On Fri, Oct 24, 2025 at 01:04:31AM +0200, Stefano Brivio wrote:
On Fri, 17 Oct 2025 14:28:37 +0800 Yumei Huang
wrote: If a client connects while guest is not connected or ready yet, resend SYN instead of just resetting connection after 10 seconds.

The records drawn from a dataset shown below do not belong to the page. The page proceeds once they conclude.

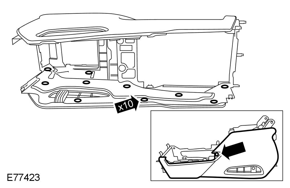 22 Install the LH floor console extension. For additional information, refer to Floor Console Extension Floor Console Extension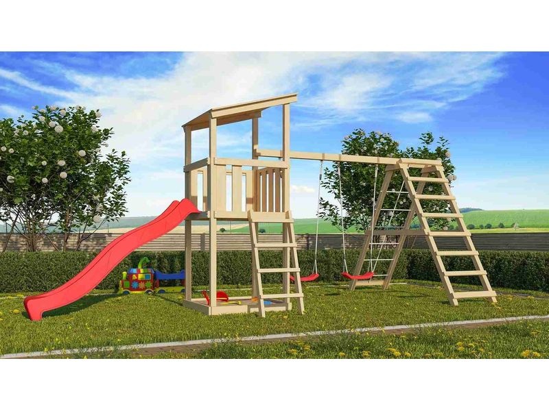 Dětské hřiště s půdorysem 415 × 264 cm a věží o rozměrech 107 × 107 × 270 cm je vyrobeno z toho nejlepšího smrkového dřeva. Naše dřevo pochází ze vzdáleného severu Evropy a je chemicky naprosto neošetřené. V důsledku toho neobsahuje žádné známé problematické látky. Hřiště má nosné sloupy o tloušťce 68 × 68 mm a je vyrobené z dřevěných profilů o síle 18 mm (spoje v systému pero/drážka). Terasa s domkem se nachází ve výšce 125 cm, tím hřiště nabízí dětem dokonalý výhled na zahradu. Sedlová střecha je vyrobena z dřevotřískových desek. Hřiště je standardně vybaveno robustním dřevěným žebříkem se 4 příčkami a pískovištěm pod věží.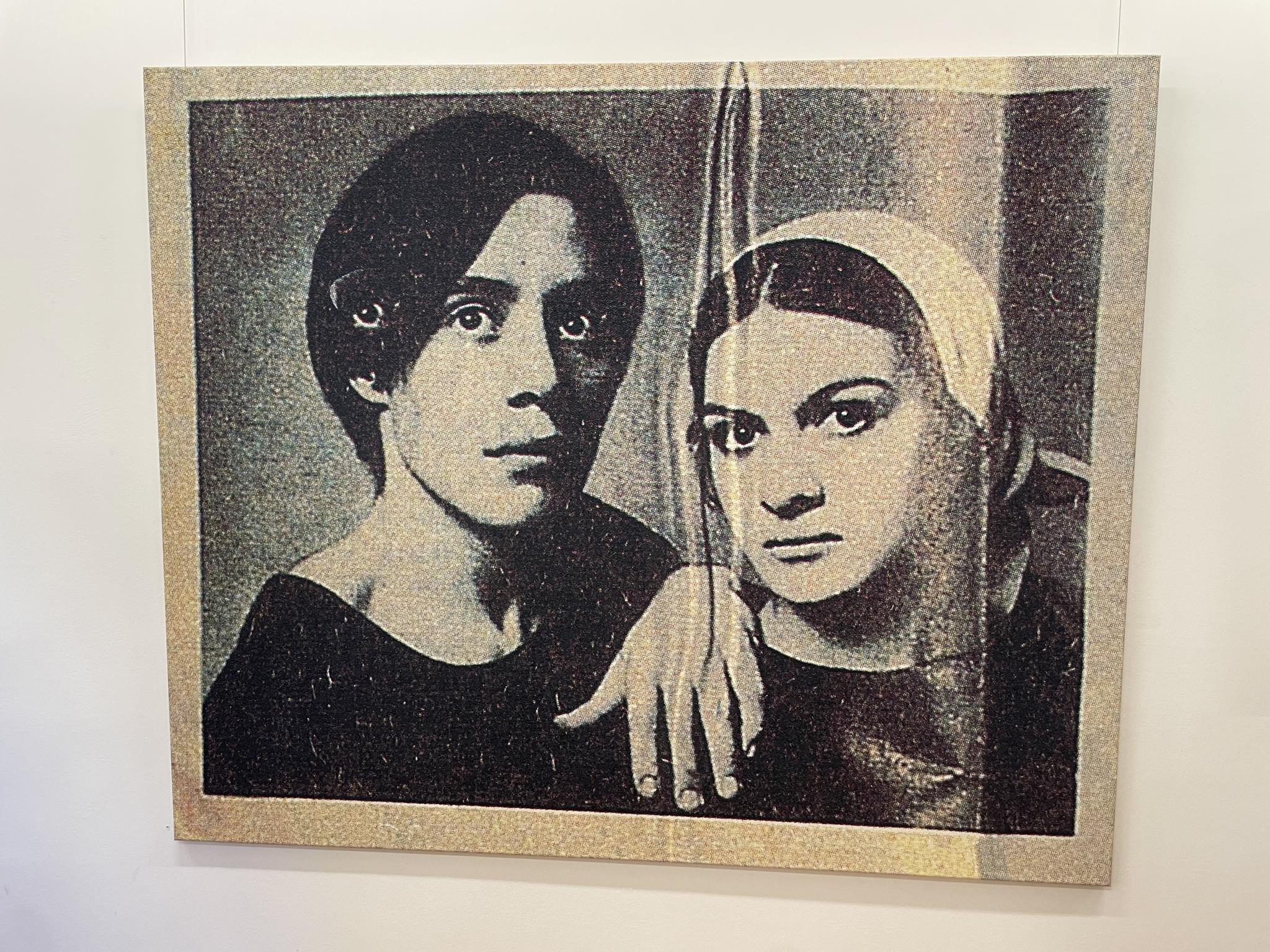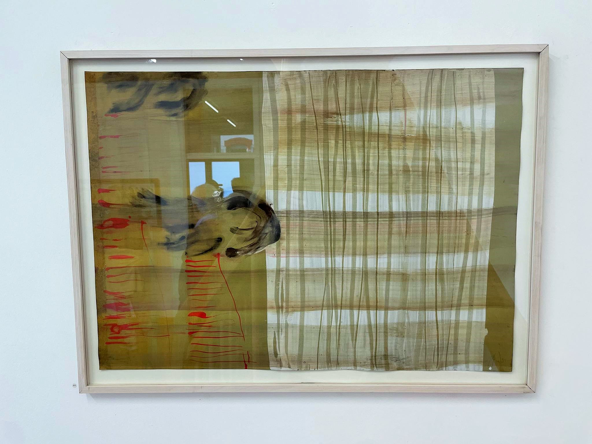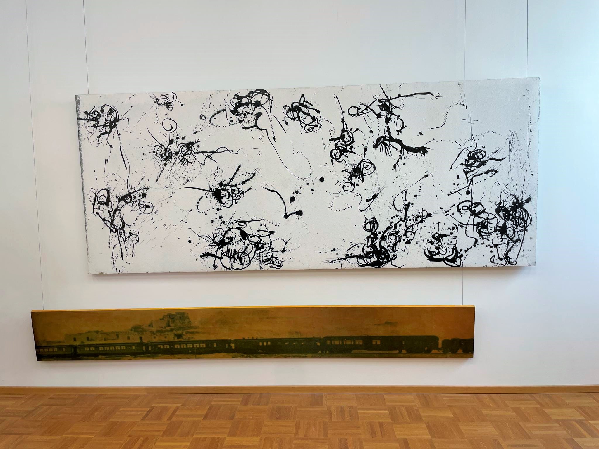 With the ochre-colored tempera painting „North Beach (Oahu)“ from 1997, Heil lands on abstraction. After a long period of practice, he appears to have placed it in three or four brushstrokes, filling the picture space, in the 48 x 40 cm portrait format, which flows into the extra-wide dark brown frame. Picture and frame are interdependent. They belong together. „The New Frontier (for H.F.)“ from 2008, under „Floraison des éclairs,“ transfers the train, photographed in Portugal and used for Western scenes in Western films, onto the cotton using an emulsion process. In „Brothersisterfather“ from 2009, Heil starts with a black-and-white newspaper photograph of Pablo Picasso’s children Paloma and Claude. He wets it, thereby blackening the photograph, and folds it like a curtain. On the computer, he collages Pablo Picasso’s eye into the original photo, transforming the black dot pattern of the photograph into a red-yellow-blue one. The original is then printed on canvas using a kind of spray-paint technique.

Use the same backoff calculation for the timeout as linux kernel.
Linux.
Link: https://bugs.passt.top/show_bug.cgi?id=153 Signed-off-by: Yumei Huang
--- tcp.c | 55 +++++++++++++++++++++++++++++++++++++++++++++++-------- tcp.h | 5 +++++ 2 files changed, 52 insertions(+), 8 deletions(-) diff --git a/tcp.c b/tcp.c index 2ec4b0c..9385132 100644 --- a/tcp.c +++ b/tcp.c @@ -179,9 +179,11 @@ * * Timeouts are implemented by means of timerfd timers, set based on flags: * - * - SYN_TIMEOUT: if no ACK is received from tap/guest during handshake (flag - * ACK_FROM_TAP_DUE without ESTABLISHED event) within this time, reset the - * connection + * - SYN_TIMEOUT_INIT: if no ACK is received from tap/guest during handshake + * (flag ACK_FROM_TAP_DUE without ESTABLISHED event) within this time, resend + * SYN. It's the starting timeout for the first SYN retry. If this persists
"If this persists" makes sense for the existing ACK_TIMEOUT description but not here, because it looks like it refers to "starting timeout".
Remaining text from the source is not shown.